Still, Superbad was not as far fetched as N&NIP.


----------



## Cardboard Tube Knight (Oct 11, 2008)

I still really want to see this movie, I just need time and someone to go with. But I heard its not super funny (which is what I expected) and next weekend is dedicated to Max Payne.


----------



## Ryuk (Oct 11, 2008)

I need to see this and Pinapple Express .


----------



## Cardboard Tube Knight (Oct 11, 2008)

Ryuk said:


> I need to see this and Pinapple Express .



Yeah you do, its pretty damn funny.


----------



## Chee (Oct 11, 2008)

Cardboard Tube Knight said:


> I still really want to see this movie, I just need time and someone to go with. But I heard its not super funny (which is what I expected) and next weekend is dedicated to Max Payne.

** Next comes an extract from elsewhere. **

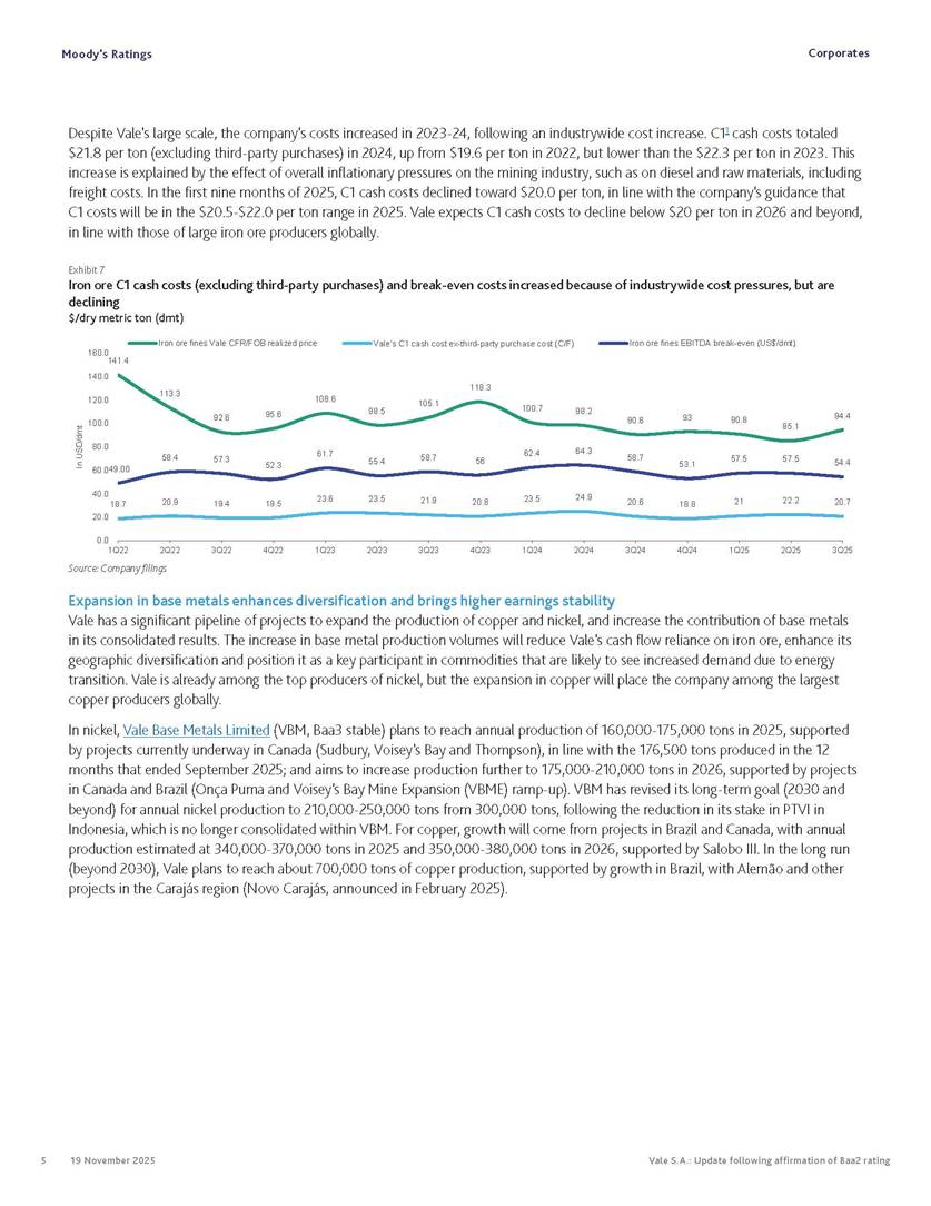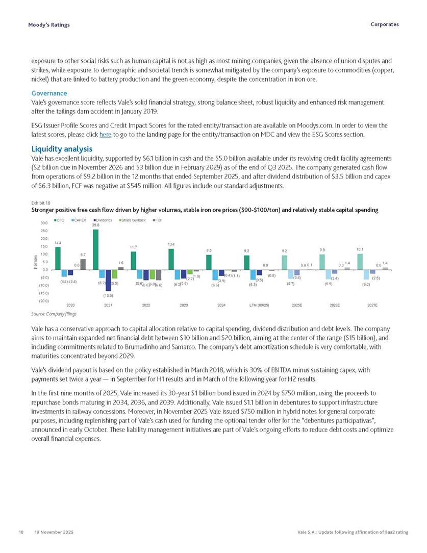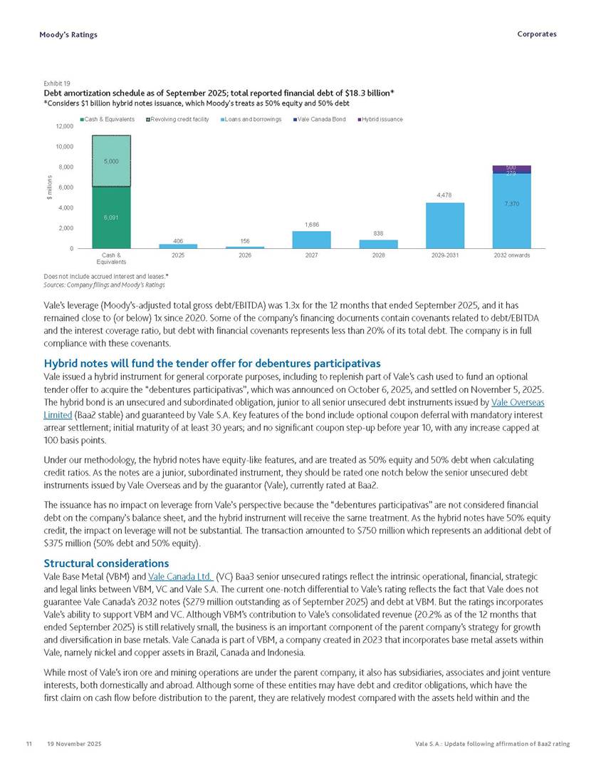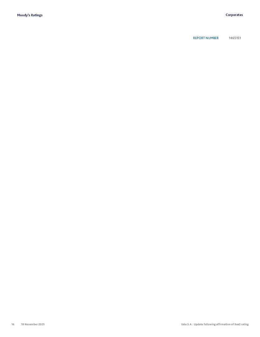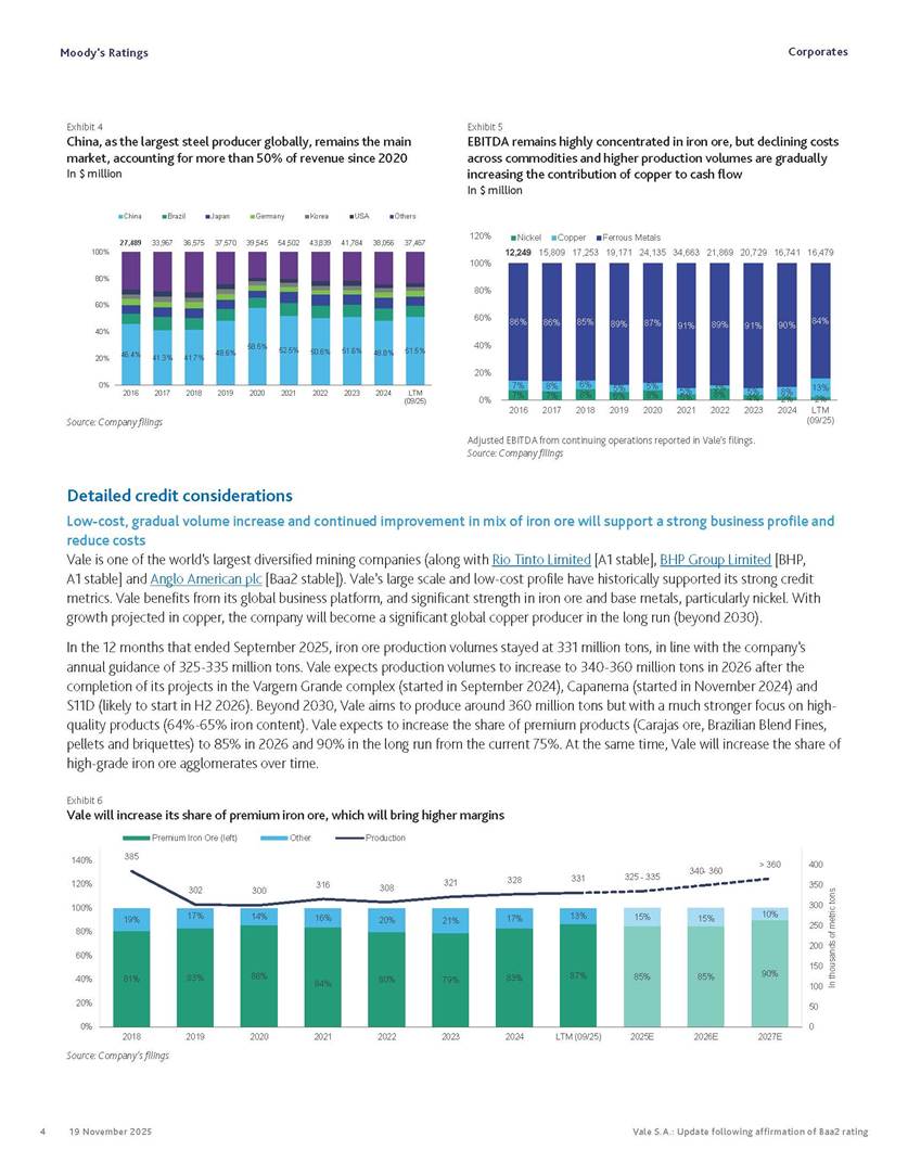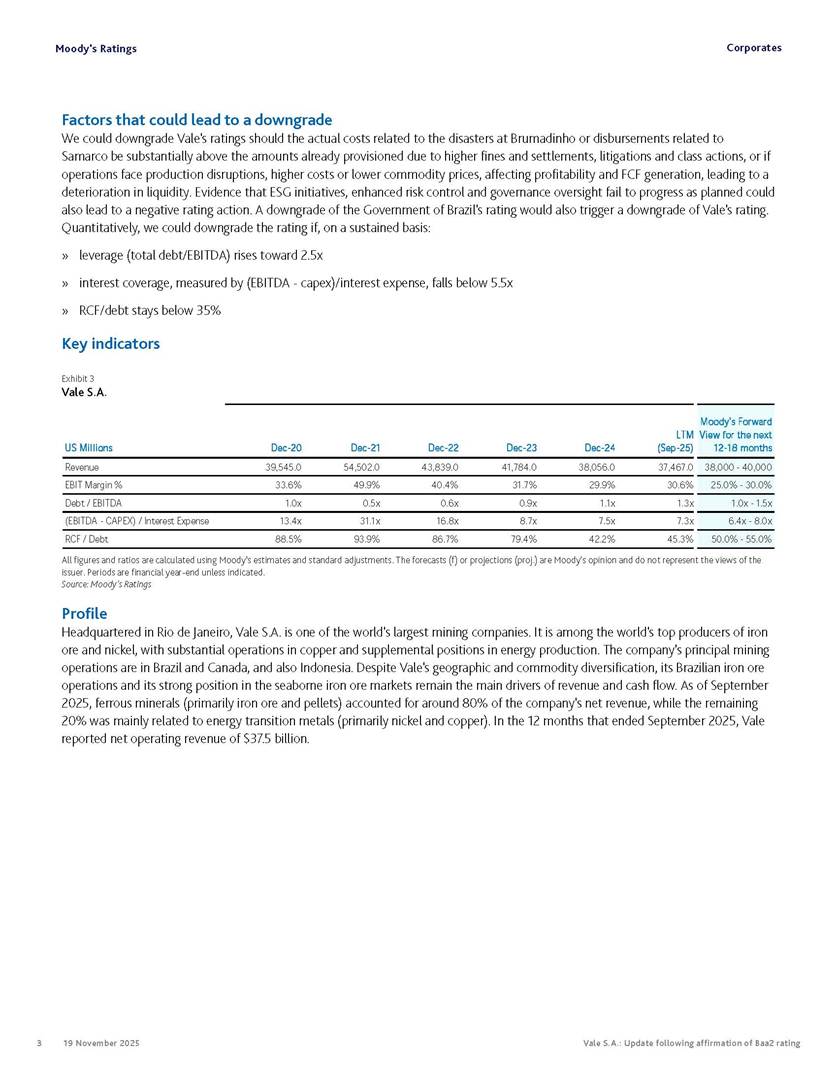 Moody’s affirms Vale’s Baa2 rating Rio de Janeiro, November 19, 2025 – Vale S.A. (“Vale” or the “Company”) informs that, in a report released today, Moody’s Investor Service (“Moody’s”), as part of its periodic review of the Company’s rating, has reaffirmed Vale’s rating at Baa2 with a stable outlook. The report is available in English on Moody’s website and attached to this communication. A free translation into Portuguese will be disclosed to the market shortly. Marcelo Feriozzi Bacci Executive Vice President, Finance and Investor Relations For further information, please contact: Vale.RI@vale.com Thiago Lofiego: thiago.lofiego@vale.com Mariana Rocha: mariana.rocha@vale.com Luciana Oliveti: luciana.oliveti@vale.com Pedro Terra: pedro.terra@vale.com Patricia Tinoco: patricia.tinoco@vale.com This press release may include statements that present Vale’s expectations about future events or results. All statements, when based upon expectations about the future, involve various risks and uncertainties. Vale cannot guarantee that such statements will prove correct. These risks and uncertainties include factors related to the following: (a) the countries where we operate, especially Brazil and Canada; (b) the global economy; (c) the capital markets; (d) the mining and metals prices and their dependence on global industrial production, which is cyclical by nature; and (e) global competition in the markets in which Vale operates. To obtain further information on factors that may lead to results different from those forecast by Vale, please consult the reports Vale files with the U.S. Securities and Exchange Commission (SEC), the Brazilian Comissão de Valores Mobiliários (CVM) and in particular the factors discussed under “Forward-Looking Statements” and “Risk Factors” in Vale’s annual report on Form 20-F. Corporates CREDIT OPINION 19 November 2025 Update RATINGS Vale S.A. Domicile Rio de Janeiro, Brazil Long Term Rating Baa2 Type LT Issuer Rating - Dom Curr Outlook Stable Please see the ratings section at the end of this report for more information. The ratings and outlook shown reflect information as of the publication date. Contacts Barbara Mattos, CFA +55.11.3043.7357 Senior Vice President barbara.mattos@moodys.com Marcos Schmidt +55.11.3043.7310 Associate Managing Director marcos.schmidt@moodys.com CLIENT SERVICES Americas 1-212-553-1653 Asia Pacific 852-3551-3077 Japan 81-3-5408-4100 EMEA 44-20-7772-5454 Vale S.A. Update following affirmation of Baa2 rating Summary On November 17, we affirmed Vale S.A.'s Baa2 ratings and stable outlook, and assigned a Baa3 rating to the $750 million in hybrid notes issued to replenish part of Vale's cash used to fund the tender offer for the “debentures participativas”, which closed on October 31, 2025. Vale's Baa2 ratings continues to reflect the company’s solid credit profile, supported by its market position as one of the largest mining companies globally, with a dominant market share in iron ore and nickel, and increasing position in copper. The rating is further supported by Vale's relatively low cost position and strong balance sheet, with leverage below 1.5x (total debt/EBITDA) since 2020. Moreover, Vale has excellent liquidity, supported by $6.1 billion in cash and $5.0 billion available under its revolving credit facility agreements as of the end of September 2025. The rating is constrained by the sovereign rating of the Government of Brazil (Ba1 stable) as a result of Vale's asset concentration in Brazil (about 75% of total fixed assets), mostly in iron ore. Given the significant reliance on cash flow from iron ore assets located in Brazil, we are unlikely to widen the rating differential to the Government of Brazil's rating. Exhibit 1 Credit metrics remain adequate within the Baa rating level Adjusted leverage (total debt/EBITDA) Exhibit 2 Interest coverage Adjusted interest coverage [(EBITDA - Capex)/ Interest Expense] 1.0x 0.5x 0.6x 0.9x 1.1x 1.3x 0.0x 0.5x 1.0x 1.5x 2.0x 2.5x 3.0x 3.5x 2020 2021 2022 2023 2024 LTM Sep-25 2025E 2026E 2027E Base Case Baa range Projections assume iron ore prices at $100/ton in 2025F, $90/ton in 2026F and $85/ton in 2027F. Source: Moody's Ratings 13.4x 31.1x 16.8x 8.7x 7.5x 7.3x 0.0x 5.0x 10.0x 15.0x 20.0x 25.0x 30.0x 35.0x 2020 2021 2022 2023 2024 LTM Sep-25 2025E 2026E 2027E Base Case Baa range Projections assume iron ore prices at $100/ton in 2025F, $90/ton in 2026F and $85/ton in 2027F. Source: Moody's Ratings Moody's Ratings Corporates Credit strengths » Large scale in the global iron ore and nickel markets, with a growing position in copper » Competitive cost position, and focus on profitability in iron ore and base metals » Focus on high-quality iron ore, which reduces margin volatility » Low leverage and comfortable debt amortization schedule, which help it better manage commodity price volatility » Reduction in environmental, social and governance (ESG) risks, with an improvement in corporate governance, risk management and operational safety Credit challenges » Risk of additional cash outflows related to the tailings dam accidents — in particular related to Samarco Mineração S.A. (B2 positive) - not yet contemplated in the Settlements » Concentration in iron ore, which makes the company's performance dependent on steel industry fundamentals, particularly the steel production levels in China Rating outlook The stable outlook reflects Moody's expectation that Vale will maintain its strong operating and financial performance over the next 12-18 months, keeping its financial discipline in capital allocation, excellent liquidity, a conservative balance sheet and strong debt protection metrics while it continues to invest in growth. We expect that the expansion in nickel and copper will lead to a more balanced cash flow contribution between iron ore and base metals. The stable outlook also incorporates our expectation that there will be no significant

I'll probably see that instead. Nick and Norah seems like a rental.


----------



## Adonis (Oct 11, 2008)

Superbad was hilarious for the first half hour but after that was in a constant nosedive as the jokes ran out. I HATED 'McLovin''s character.

Juno was a sickeningly pretentious indy flick with some Godawful "Did she just reference a 60's sitcom not even indigenous to her half of the country?" dialogue. It gets better in the second half, admittedly, but still...

And Cera _is_ a one-trick pony. I know his humor is deadpan but he could still have range.


----------



## MartialHorror (Oct 11, 2008)

lol, poor Cera, doomed to be typecast.

Actually, seems like thats the case for most of the main cast from Superbad.


----------



## Cardboard Tube Knight (Oct 11, 2008)

Adonis said:


> Superbad was hilarious for the first half hour but after that was in a constant nosedive as the jokes ran out. I HATED 'McLovin''s character.
> 
> Juno was a sickeningly pretentious indy flick with some Godawful "Did she just reference a 60's sitcom not even indigenous to her half of the country?" dialogue. It gets better in the second half, admittedly, but still...
> 
> And Cera _is_ a one-trick pony. I know his humor is deadpan but he could still have range.



I hated McLovin to and he only had like one funny line I thought. The movie could have done better without him and the two cops having that much side plot. His character could have been a catalyst without having that much pull. 

McLovin is the main reason I can't see how Nick and Norah could be less realistic. His entire story is not realistic. 

I really enjoyed Juno though, the second half was better, but I still enjoyed the whole thing.


----------